Thursday, December 20, 2007

Christmas and Isaiah 7:14

It's that time of year again ... the time when Isaiah 7:14 gets beat up like a rented mule. I read discussions of it every year, as I did again this morning, and am still not convinced that anything in the eighth century BC (when Isaiah was writing) can fulfill the prophecy of Isaiah in 7:14.

Isaiah 7:14 talks about a young woman who is a virgin and pregnant at the same time. The word "pregnant" is an adjective describing the virgin. She is not a virgin now who will become pregnant later. In the prophetic mind of Isaiah, she is both a the same time.

Many appeal to Isaiah 8:1-4 as a fulfillment of Isaiah 7:14, either partially or fully. The problem is that the prophetess of 8:1-4 is not both a virgin and pregnant. She is first one, then the other.

The question is usually brought up, How is the birth of Christ, seven hundred and thirty years later, a sign to Ahaz? The answer: It's not. It was not intended to be. Ahaz had already rejected a sign through a false show of piety, because he had already secured his hope through a foreign alliance. He was not interested in listening to God, and so God was not speaking to him.

The prophecy is given to a group of people, as indicated by the plural forms of the prophecy. It was intended to assure the house of David, and more broadly the nation of Israel, that Tabeel would not succeed in removing Ahaz from the throne, thus breaking the Davidic covenant.

The Davidic covenant would stand, and it would still exist seven hundred and thirty years later when the Son of David, Immanuel, would be born to a pregnant virgin.

So what of the reference in vv. 15-25 to the deliverance of the nation in the eighth century BC? If the prophetic mind of Isaiah sees the virgin as currently pregnant (which it does), his prophecy is made on the basis of that pregnancy. Isaiah does not know the time or the person (cf. 1 Peter 1:10-12). But he did know what he was saying.

There is only "God with us" which is what Immanuel means. And it certainly was not Maher-Shalal-Hash-Baz. It was none other than Jesus Christ who is our only hope, and who is the only hope for the nation of Israel.

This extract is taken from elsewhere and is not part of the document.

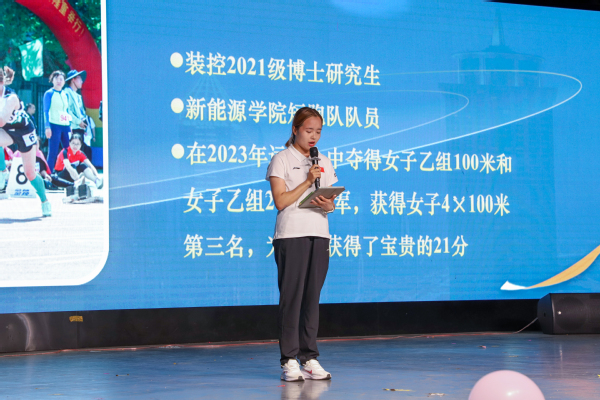 过去一年学院在第十八届青年健身节和学校2023年运动会上分别取得了优秀成绩,羽毛球队和女子排球队在青年健身节中勇夺冠军,男子排球队和女子篮球队双双获得亚军,田径运动员夏睿追平女子100米项目记录,学院再次斩获院长杯。成绩的取得离不开每一位师生运动员的努力,学院短跑队队员、2021级博士研究生夏睿作为优秀运动员代表在发言中表示,十分荣幸能够代表学院在田径场上拼搏,每一次成绩的取得都离不开老师同学的支持。原学院女排队队长、2023届本科生杨涵予在发言中谈到,“夺得女排冠军既是突破又是挑战,感谢学院的培养与肯定,在未来比赛中女排队伍将再接再厉,为学院赢得更多荣誉。”随后穆海涛宣读学院体育表彰决定,马文忠、郭杰、徐光辉分别为在健身节和运动会中表现优异的师生运动员颁发“十佳教工运动员”和“十佳学生运动员”证书。

It is further interesting that those who see a fulfillment in Isaiah 8:1-4 do not seem to want to see that fulfillmen in chapters 9-11 which are the conclusion of the Immanuel section of Isaiah. The reason they do not press that fulfilllment is because chapters 9-12 tell us that Immanuel will reign, and Maher-Shalal-Hash-Baz did not do that. I would suggest you can't have it both ways. If 8:1-4 fulfills 7:14, then it must also fulfill chapters 9-12. Of course, only Jesus fulfills 9-12, which again gives us increased basis for our hope in Christ.

As a side note, it is always interesting to me that people who see no need to see a literal fulfillment of OT promises to the nation fulfilled to the nation suddenly see Isaiah 7:14 as having to have some fulfillment to the person to whom it they believe it was made. These scholars, many of whom are good men, see no need for promises made to Israel to be fulfilled to Israel, but they insist that a promise made to Ahaz must be fulfilled to Ahaz. That seems inconsistent to me. It seems better to see Isaiah as making a promise about the Davidic covenant, ensuring the nation of Israel that God has not abandoned them because of Ahaz's foolish distrust and foreign alliances.

God will be faithful, and he will come to be with us, and to reign over his chosen people. You can count it.

1 comment:

Brian McCrorie said...

Excellent commentary, Larry.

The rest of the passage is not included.